The government now celebrates, however, its achievement of "inflation goals", the maintenance of an economic "stability" that continues to favor the most powerful, and mediocre GDP growth in 2004, expected to total between 4 and 5 percent - at the low end, a full 4 points behind the very Argentina that was often brandished as the boogeyman image of chaos. The Lula administration further celebrates the approval of a Public-Private Partnership law that further transfers risks to the state and profits to speculative capital.

Meanwhile, president Lula's inflated sense of his own historical importance has made the situation particularly hopeless. While for all who elected him, the rise of a metal worker to power was to signal the beginning of social change, Lula's messianic tendencies often lead him to speak as if his election meant that things are already blessed, and that all Brazilians need to do is raise their self-esteem, honor their families, and trust God - a mediocre religious and conservative message perfectly imaginable in the mouths of Bushes and Berlusconis around the world.

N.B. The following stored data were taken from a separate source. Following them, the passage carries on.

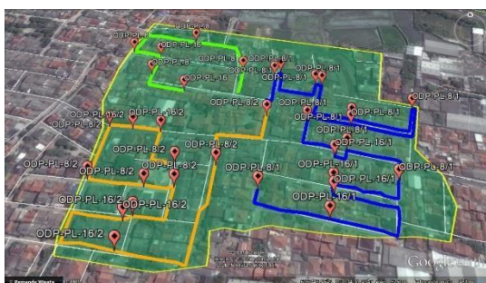
Gambar 4.3 Distribusi perancangan

Perhitungan redaman untuk jaringan ini dibutuhkan karena dengan didapatkannya redaman yang sesuai dengan range yang ditentukan yaitu 13 – 25 dB maka jaringan tersebut bisa dikatakan bagus atau tidak akan terjadi gangguan secara teknikal dari media transmisi.
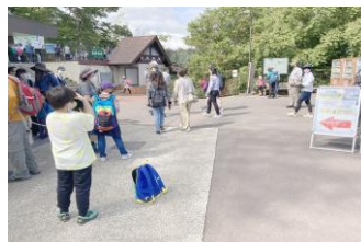
ケーブルカー終点付近
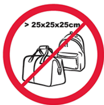
Pudła, torby, plecaki, walizki i inne wszelkie przedmioty większe niż 25 cm x 25 cm x 25 cm
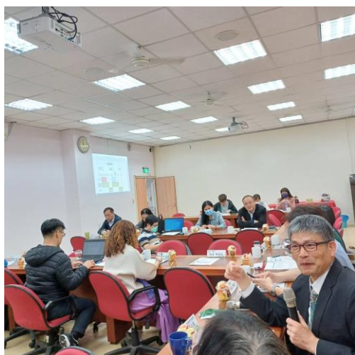
文山區許督學蒞臨指導
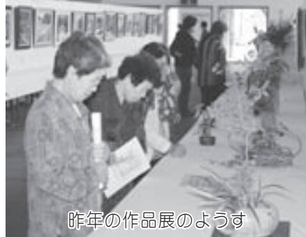
昨年の作品展のようす
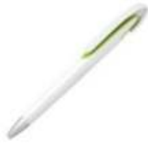
10.097 PALOMA Plastična hemijska olovka
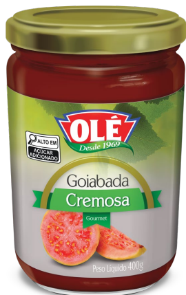
GOIABADA CREMOUSA 400 G

Código do Produto: 1805 Shelf Life: 36 meses Bandeja 12 unidades EAN-13: 789 1032 01805 6 DUN-14: 2 789 1032 01805 0
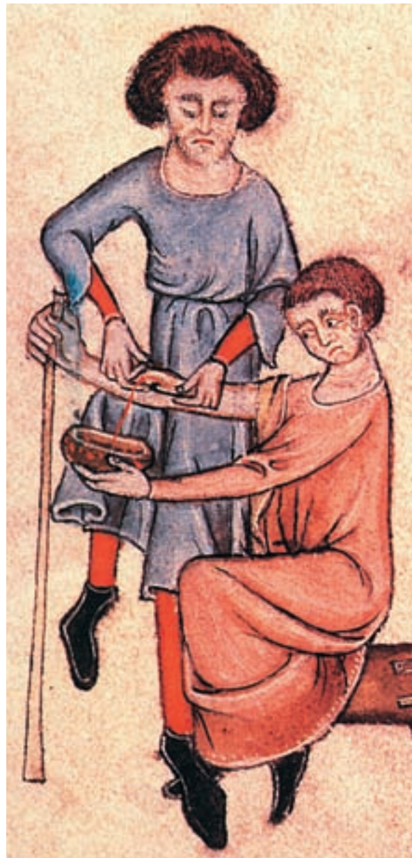
Un barber-cirurgià practica una flebotomia o sagnia terapèutica a un pacient ( Saltiri de Lutrell , c. 1340. British Library, ms. Add. 42130, f. 61r)

Un dels tòpics historiogràfics més habituals ha estat el de la figura del jueu usurer. En bona mesura, l'increment dels coneixements sobre els hebreus medievals ha fet que se'n difongués una imatge més completa, de la qual emergeix el jueu metge. Ara bé, ni tots els jueus foren prestadors ni tampoc metges, si bé és quasi impossible trobar a la Corona d'Aragó una

While it is clearly too late to entertain any illusions that the Lula administration will somehow change course, progressive activists within and outside the PT continue to hope that the last words on the dreams of social justice in Brazil have not yet been spoken. The majority of them cannot yet get past the bewilderment of seeing the man who is the legitimate representative of those dreams, presiding over the greatest betrayal ever committed by a Latin American left-wing party against its founding principles.